Orbital characteristics
- Epoch 21 January 2022 (JD 2459600.5)
- Uncertainty parameter 7
- Observation arc: 7 days
- Aphelion: 2.953 AU
- Perihelion: 0.4730 AU
- Semi-major axis: 1.713 AU
- Eccentricity: 0.7238
- Orbital period (sidereal): 2.24 yr (818.77 days)
- Mean anomaly: 76.606°
- Mean motion: 0° 26^{m} 22.869^{s} / day
- Inclination: 3.176°
- Longitude of ascending node: 352.203°
- Argument of perihelion: 256.579°
- Earth MOID: 0.00157 AU (235,000 km)

Physical characteristics
- Mean diameter: 42–94 m
- Apparent magnitude: 13.4 (discovery)
- Absolute magnitude (H): 24.01±0.24

= 2021 SG =

Near-Earth asteroid

2021 SG is a near-Earth asteroid, with an estimated diameter of 42 to 94 meters, that passed about half a lunar distance from Earth on 16 September 2021. It approached from the direction of the Sun, so it was invisible until a day later.

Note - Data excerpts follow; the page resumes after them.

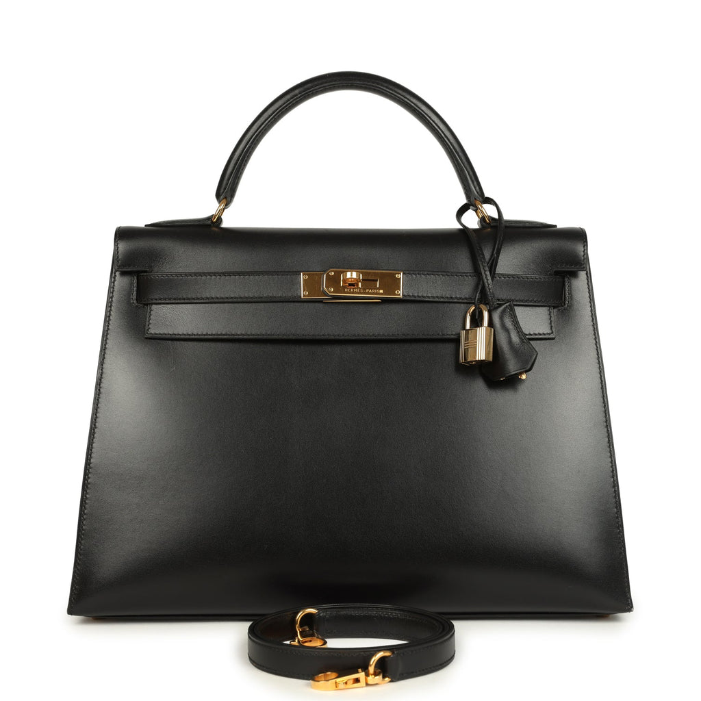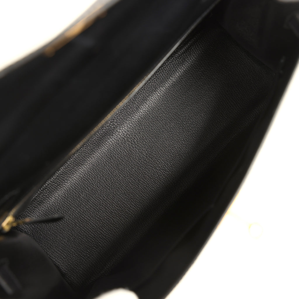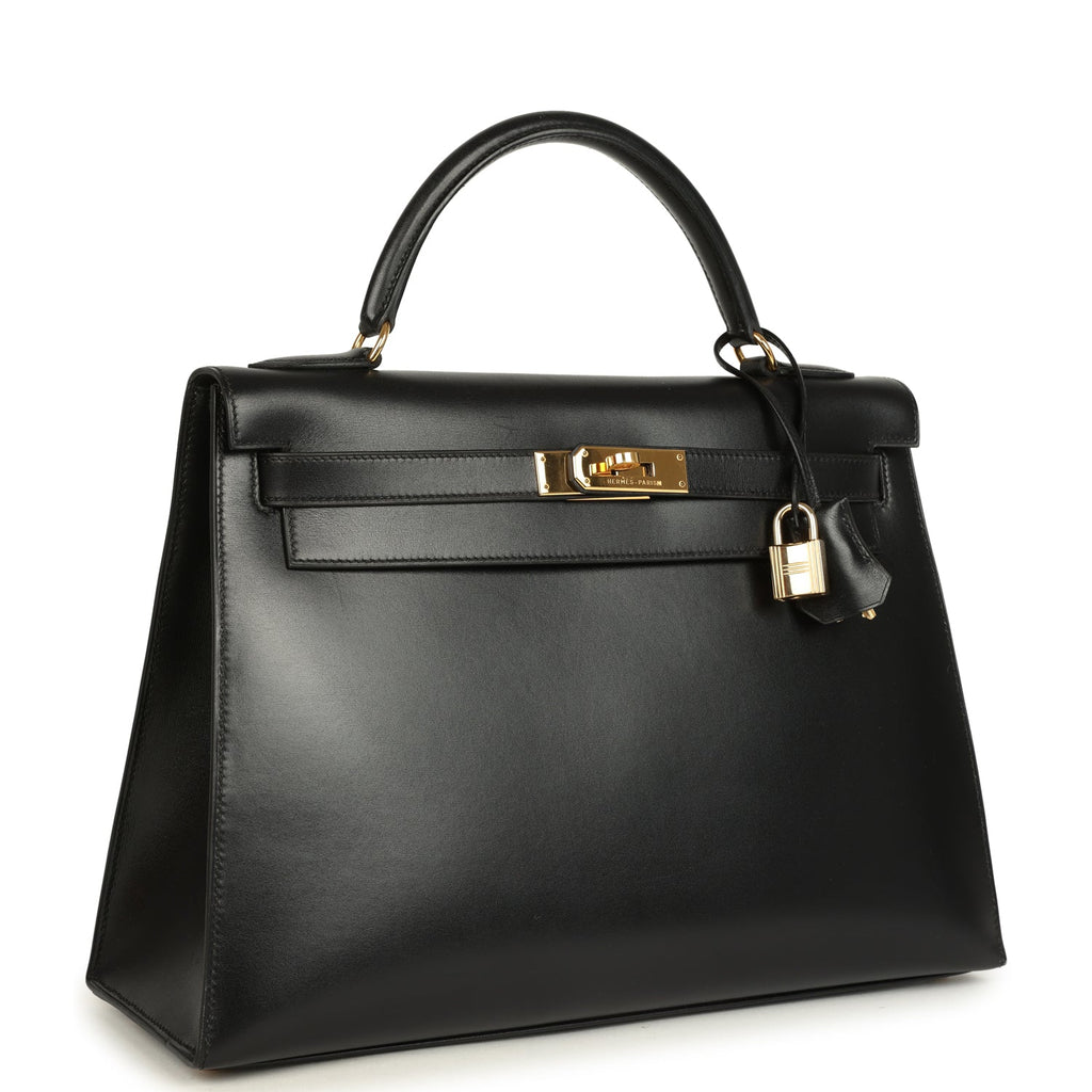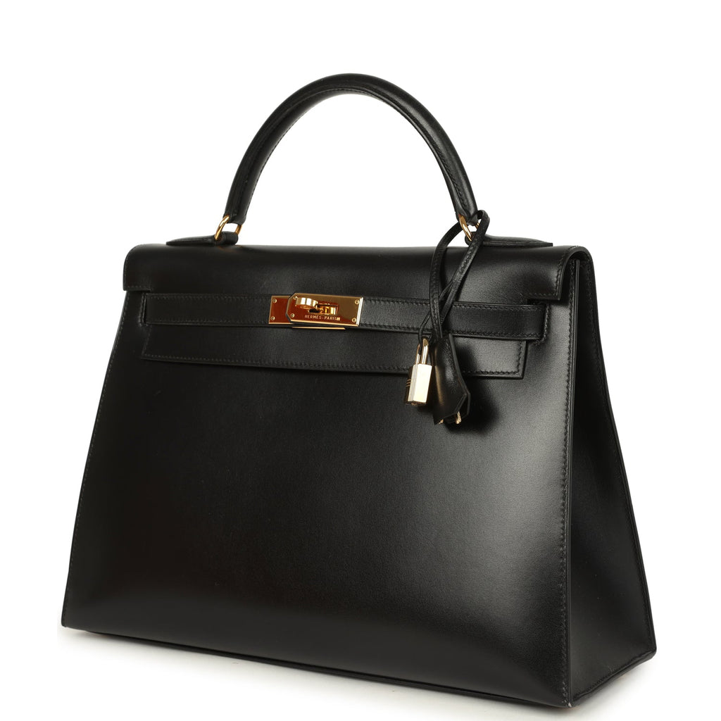Vintage Hermes Kelly Sellier 32 Black Box Gold Hardware
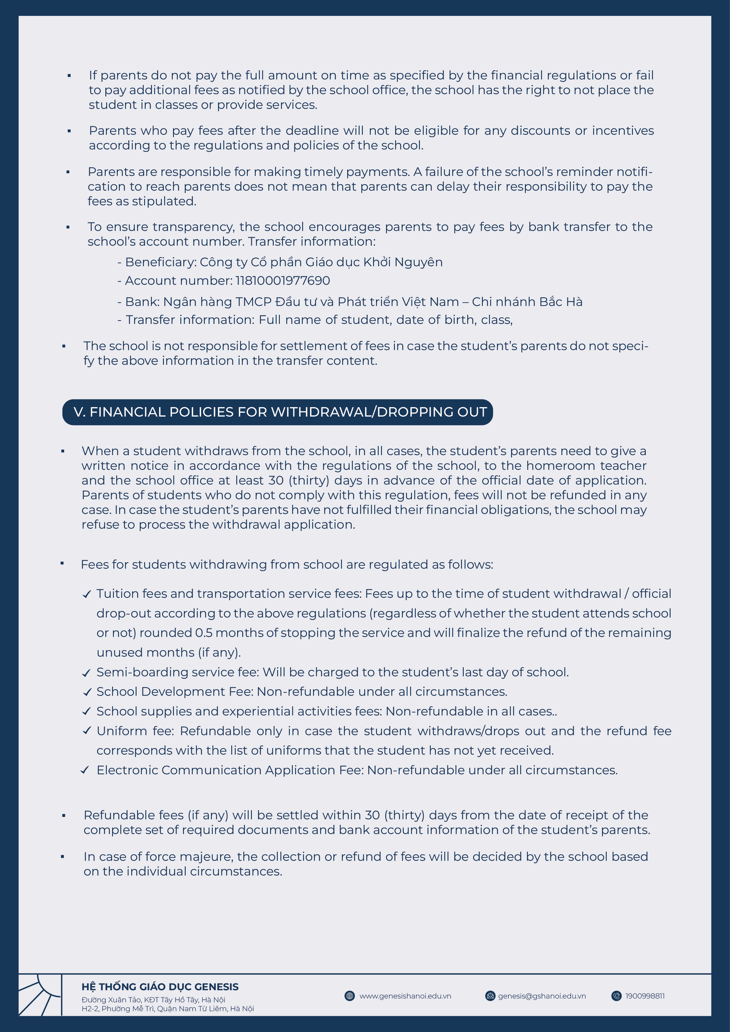 Financial regulations and fee schedule Genesis K-12 school system Academic Year 2024 – 2025 30/09/2024 Biên tập: Ban Biên tập [Cơ sở Nam Từ Liêm] Giờ học đặc biệt về sự kiên trì [MN] Học cách quý trọng bản thân qua những câu chuyện văn học
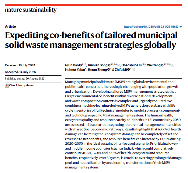 近日,伟德bv国际体育宋俊年教授、杨巍副教授领衔的“食物农业生物质(FAB)”研究团队在城市固废可持续管理领域取得突破性成果,以“Expediting co-benefits of tailored municipal solid waste management strategies globally”为题在《Nature Sustainability》发表研究长文。博士生曹琪林为论文唯一第一作者,宋俊年教授、杨巍副教授、伦敦大学公司米志付教授为共同通讯作者,伟德bv国际体育为第一通讯单位,合作单位包括日本筑波大学与英国伦敦大学公司。这是宋俊年教授团队在CNS子刊层面发表的第二篇成果。
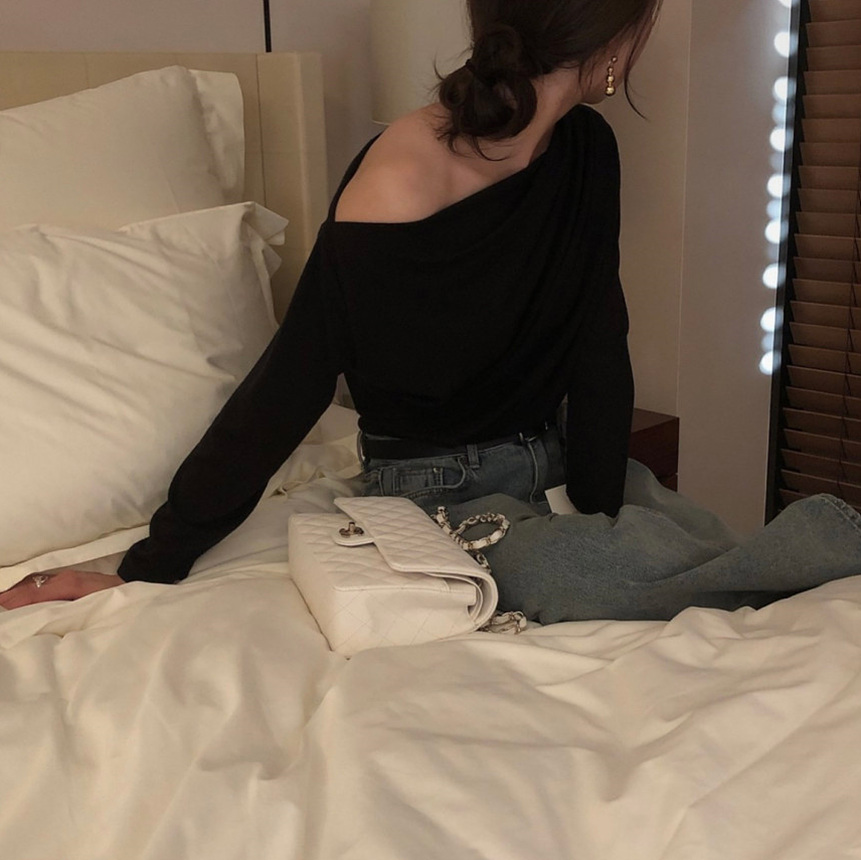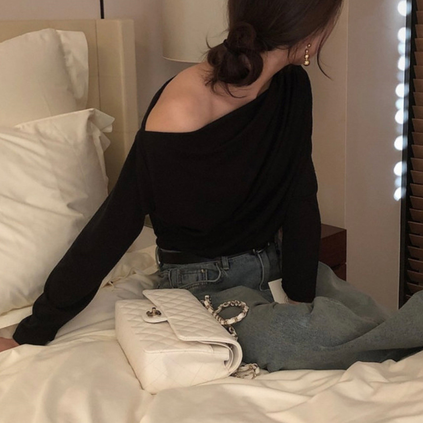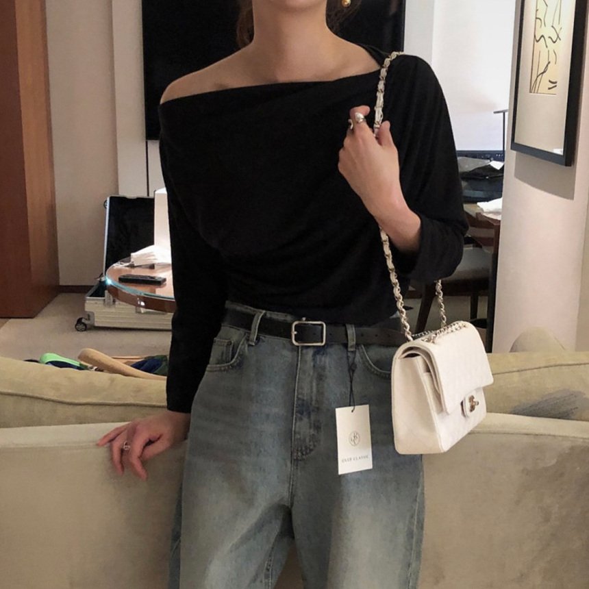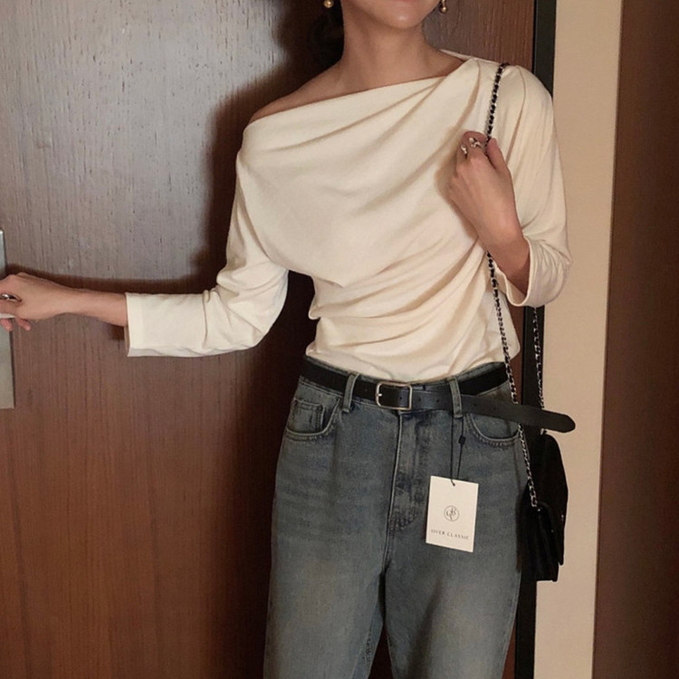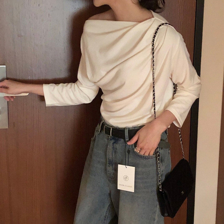 바로발송 클라 언발 드레이프 오프 숄더 티셔츠
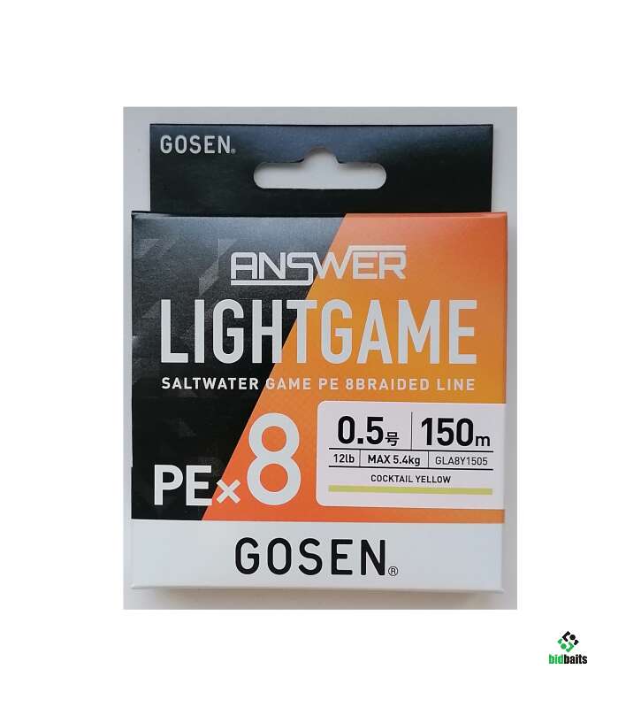 Плетёный 8-ми жильный шнур GOSEN Answer Light Game PE x8 # 0.5 (12lb) 5,4кг, размотка 150м, цвет- Желтый коктейль
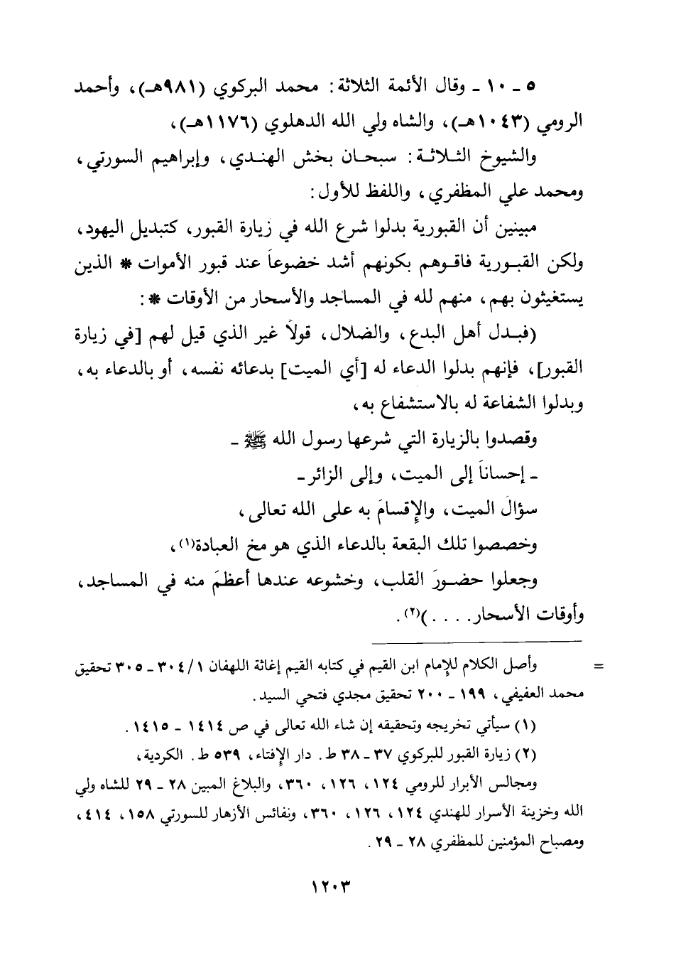 5 -10- وقال الأئمة الثلاثة: محمد البركوي (981هـ) ، وأحمد الرومي (1043هـ) ، والشاه ولي الله الدهلوي (1176هـ) ، والشيوخ الثلاثة: سبحان بخش الهندي، وإبراهيم السورتي، ومحمد علي المظفري، والفظ للأول:
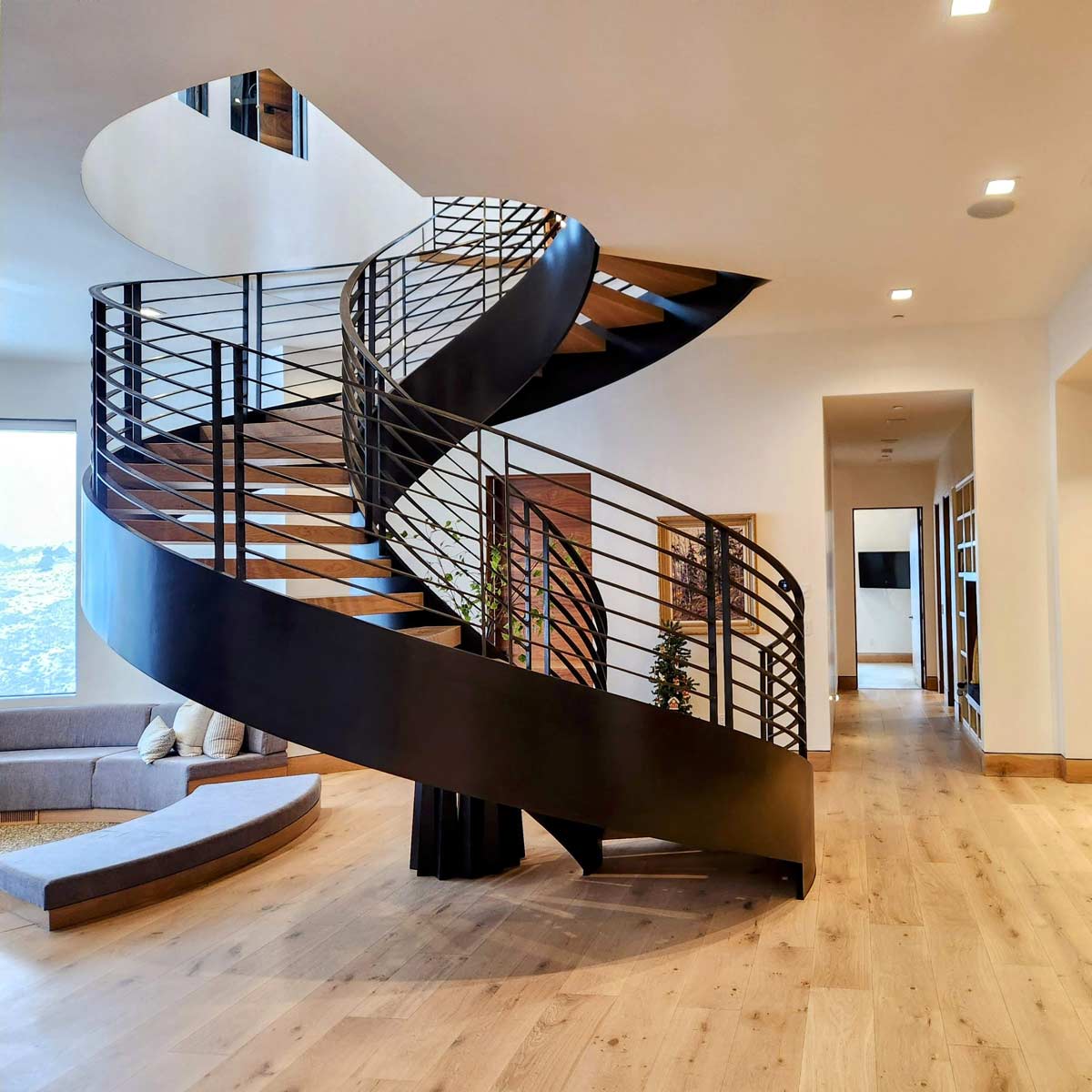 Overlooking the Red Ledges community in Heber City, Utah, this freestanding contemporary steel and Euro-White Oak circular staircase makes for an elegant centerpiece in this beautiful mountain home

It completes its highly eccentric orbit in 2.24 years. 2021 SG is an Apollo asteroid with a 1.71 AU semi-major axis, and a 0.473 AU perihelion (near Mercury at perihelion) out to a 2.95 AU aphelion (between Mars and Jupiter). With an absolute magnitude (H) of 24.0, it is possibly the largest asteroid to pass within 1 lunar distance of Earth during 2021.